35

MAVALA

I watch her shadow as she stalks across the courtyard, her heels stabbing the sand. She avoids the patch of the principal’s Ireland and steps up into the open door of his office. He’s either on the phone or about to be, his big hand reaching for it. Who he talked to we never knew, although he always seemed to be ordering supplies and books we never saw.

I’m doing a reading-comprehension drill. I have just read them a story about a mischievous boy named Tom and his wily teacher, Sir Joseph Blinks. Now the question is: Why does Sir Blinks mistrust Tom?

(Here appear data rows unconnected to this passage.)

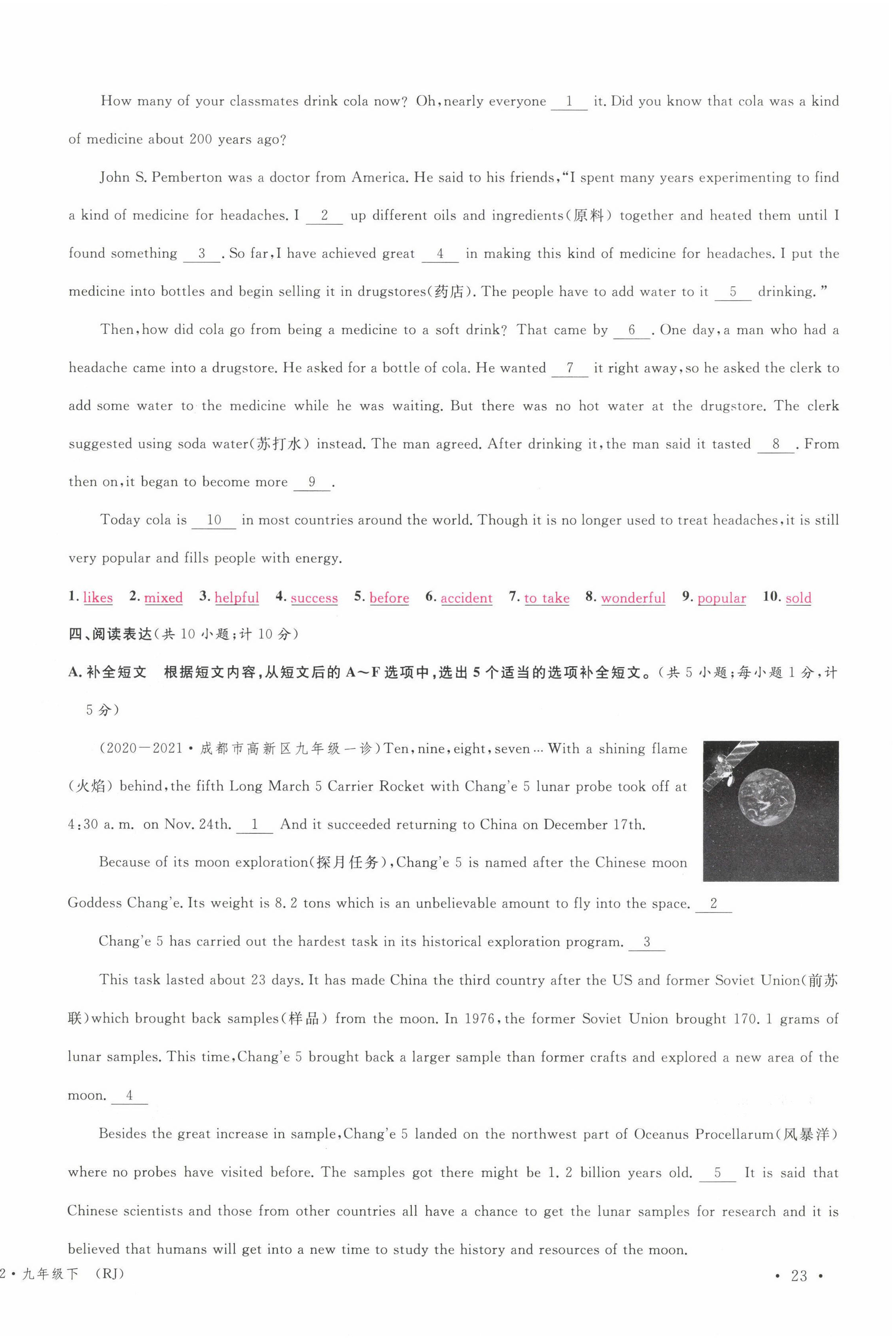 注:目前有些书本章节名称可能整理的还不是很完善,但都是按照顺序排列的,请同学们按照顺序仔细查找。练习册 2022年蓉城名校课堂九年级英语下册人教版 答案主要是用来给同学们做完题方便对答案用的,请勿直接抄袭。
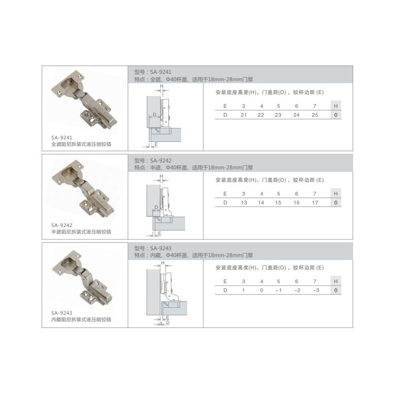 产品名称:拆装阻尼暗铰链 适用范围:适用各类柜门 主要材质:冷轧钢 铰杯深度:11 精品福利视频. 5mm 铰杯直径:Φ40mm 面板(E)尺寸:3-7mm 门板厚度:18-25mm 开启角度:105° 最大承重:2只/8KG 主要功能:内置阻尼装置和自闭装置 主要特点:快拆装式 .
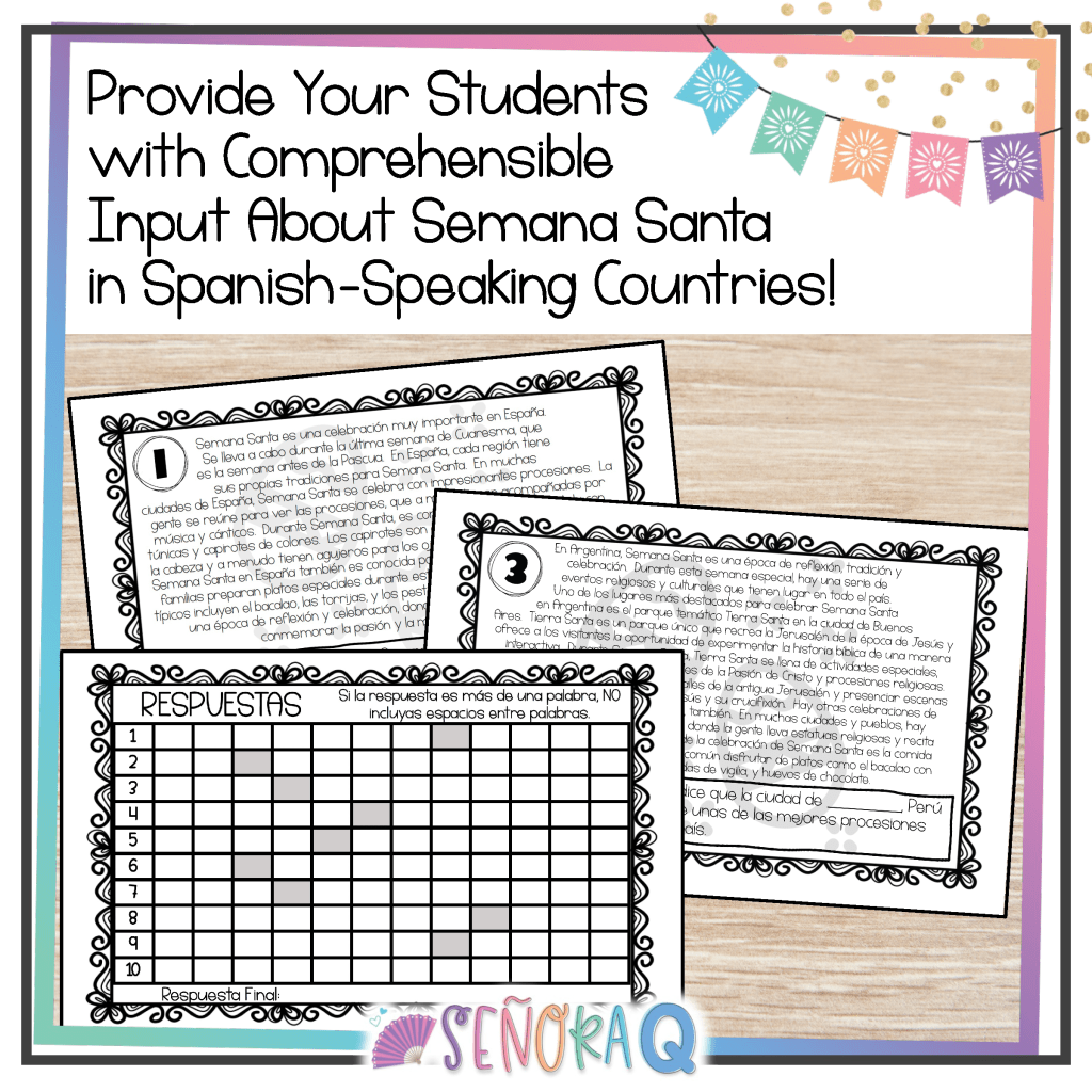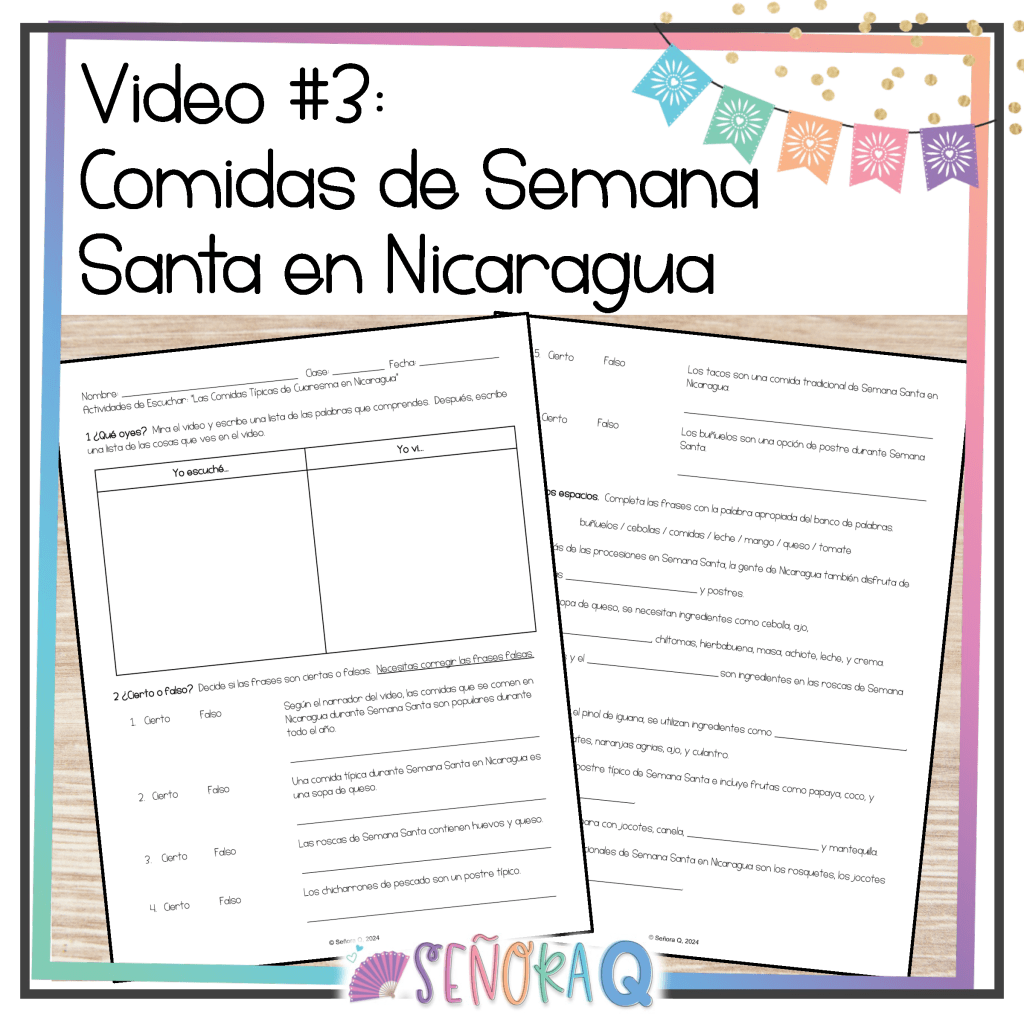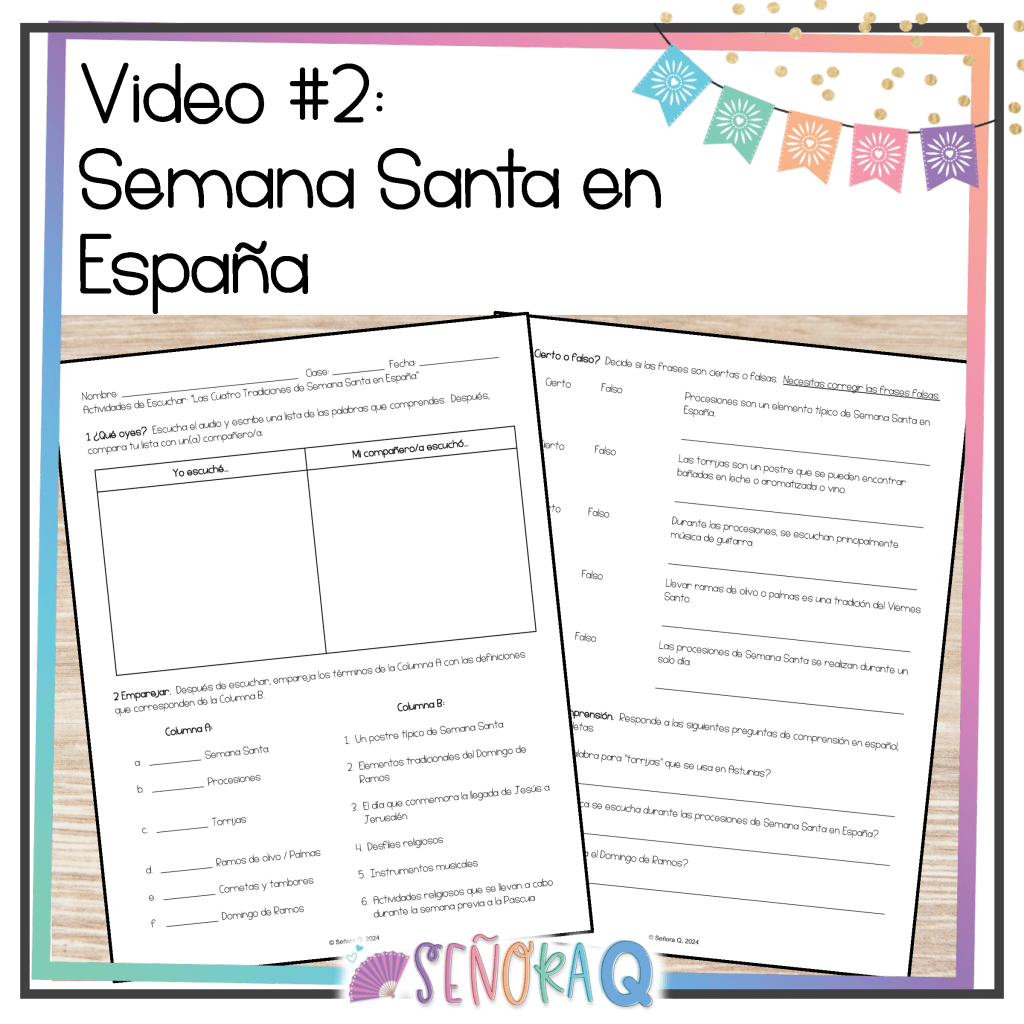 If you want to teach your students about the celebration of Semana Santa in Spanish-speaking countries while also strengthening students’ listening comprehension skills, this activity is for you! This authentic and comprehensible activity allows students to immerse themselves in the rich and diverse Semana Santa traditions of different Spanish-speaking countries as they watch 3 authentic videos and complete corresponding activities.
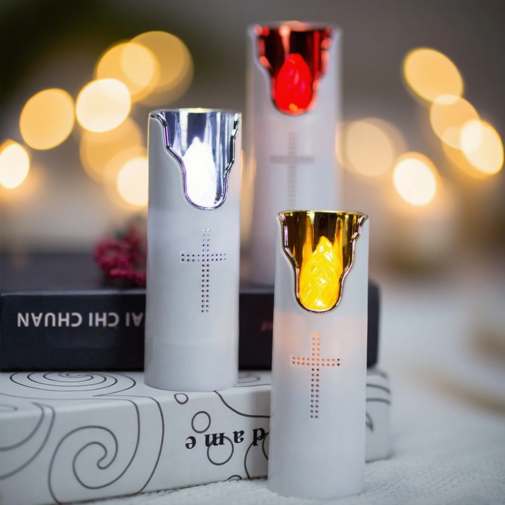 Flameless LED Prayer Candle Lamp with Swinging Flame Music Speaker Dry Battery Powered for Home Decorative lights Serene Spaces
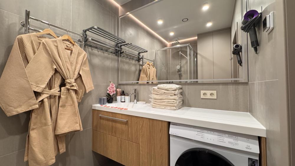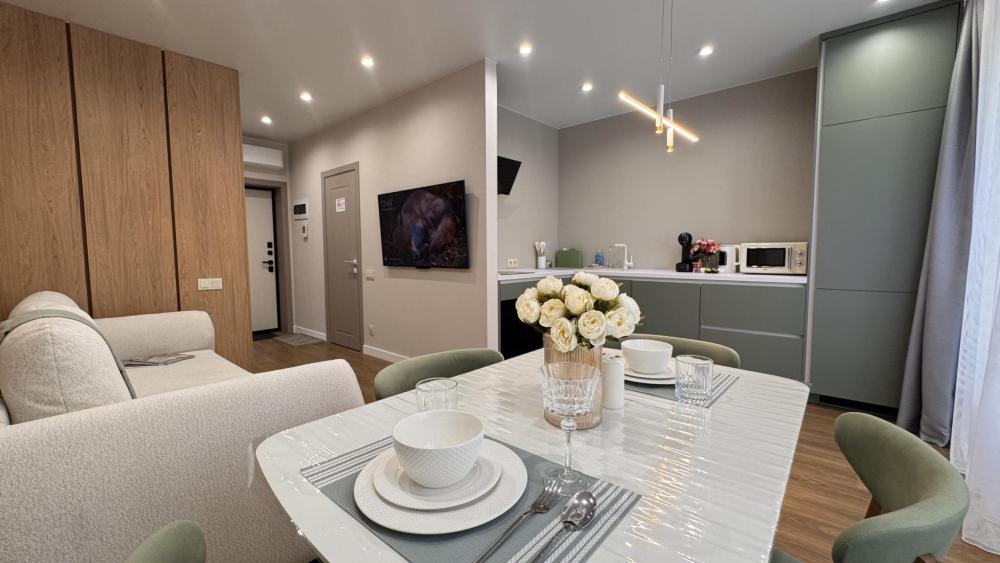 Наслаждайтесь настоящим комфортом в самом сердце Тюмени. Авторский квартал "Машаров" представляет собой идеальное сочетание комфорта и престижа, расположенный в одной из наиболее перспективных локаций города. Он занимает привилегированное место вдоль главной улицы и между двумя центральными площадями, обеспечивая легкий доступ ко всем ключевым точкам города. - Потрясающий панорамный вид на город; - Современный район - более 30 баров, кафе, ресторанов в шаговой доступности; - Кровать с ортопедическим матрасом 160х200; - Полноценная кухня; Вас ждут 3 уютных спальных места формата 2+1 для комфортного отдыха. Насладитесь свежестью и чистотой в нашей квартире, где для каждого гостя предусмотрены по 2 полотенца и идеально чистое постельное белье на спальное место. ? Приветственный бонус: чашечка ароматного чая на первый день. ? В кухне вы найдете всю современную бытовую технику: СВЧ-печь, посудомоечную машину, плиту, холодильник, электрочайник, а также посуду и кухонные принадлежности. ? Наши апартаменты оснащены всем необходимым для комфортного пребывания: утюг, гладильная доска, стиральная машина, кондиционер, сушилка для белья, фен. И, конечно же, бесплатный Wi-Fi и телевизор 55 дюймов со Smart TV для вашего удобства. ? Выбирайте нашу квартиру с удобной транспортной развязкой и близостью ко всей городской инфраструктуре: - Ресторан 'Vestekle' прямо в доме; - Ресторан Шульц, ресторан бар Tate izakaya , французский ресторан Cremant прямо в доме; - Торговый центр 'Калинка', 'ЦУМ', 'Гудвин', 'Магеллан'; - Сквер 'Николая Машарова'; - Большой Драматический театр; - Набережная реки Туры в 10 минутах; - ЖД Вокзал в 10 мин езды; - Спорткомплекс СТРОЙМАШ; - Спортивный комплекс ПРИБОЙ; - Цветной бульвар, Цирк, Центральная площадь; - Арбитражный суд Западно-Сибирского округа; - Музеи, театр кукол, филармония, дворец культуры Нефтяник ; - Музей изобразительных искусств; - Медицинский центр 'МАЛЫШ'; - Транспортная инфраструктура обеспечит быструю доступность ко всем уголкам города и его главным достопримечательностями; ? Мы предоставляем отчетные документы для организаций и командировочных. Заключаем договоры как на разовые, так и на постоянные услуги, и принимаем оплату любым удобным для вас способом. ? Действует страховой депозит в размере 3000 рублей, который возвращается при выезде. ⚠️ Проживание возможно для лиц не моложе 25 лет! Расчетный час : ? Заезд с 14:00 - 24:00, ? Выезд до 12:00 Дополнительные услуги: Тапочки, халат, зубной набор, детская кровать. При бронировании узнавайте у менеджера. Также предоставляется кофе в капсулах в ассортименте за дополнительную плату. Стоимость и наличие кофемашины необходимо уточнять у сотрудников объекта размещения. В стоимость проживания входит размещение двух гостей на одном совместном спальном месте. Размещение двух гостей на отдельных спальных местах возможно за дополнительную плату. Суточные бронирования осуществляются при условии 100% предоплаты, внесения залогового платежа и подписания договора. После внесения частичной предоплаты на сайте менеджер свяжется с вами для дальнейшего оформления. Мы ждем вас, чтобы сделать ваше пребывание в Тюмени незабываемым! Забронируйте наши апартаменты прямо сейчас! ❤️

I stand near my open classroom door. I hear her ask for construction paper. I look back at my class. Most have their heads down and are doing their best to write something, except for Rubrecht Kanhala, who knows I’m only trying to run out the clock before third-period break. He’s thumping the end of his nose with a pencil. Sir Blinks doesn’t know shit.

I step out and wander halfway up the porchway and listen.

“You need to fill out a requisition form.”

“Give me a form, then.”

“The forms are finished.”

A long silence. Outside Pohamba’s class a boy whacks two erasers together and gags on the chalky smoke.

The principal is sitting. Mavala is standing. His finger is poised in mid-dial of the rotary. She watches his face. If only she’d slacken a little, this young sister of his wife, and behave more like a woman is supposed to. He could make things easier for her. She need not acknowledge his authority—of course she needn’t go that far—but for God’s sake, won’t she look at his existence as flesh, as a man with hands and blood and cock and need and eyes?

I don’t have to see any of this—it’s all there in the silence. Power is easily spent—you can always get more later—but as far as she’s concerned, he can keep it and play with it. He sees this, and it only makes him sweat watching her. Her: Go ahead. Cower beneath me with your principal stomach, your principal key chain, your principal phone in your hand. She doesn’t leave, only stands there, in her sleeveless blouse, with her bare shoulders. Stands there like a taunt. A few minutes more she’s in that office. Maybe she’s going too far—stepping on him too much, too easily, too early. She hasn’t been back a month. There’s no more talk of construction paper or forms.

She leaves empty-handed and heads back across the courtyard—this time she tromps straight across Ireland—toward her class, which is waiting silently (itself a miracle at Goas). She’ll ask Obadiah for some construction paper. No, a better idea. She’ll take her boys to the veld and let them draw on the rocks like Bushmen. A few minutes later, I watch them file out, her ducklings, two by two.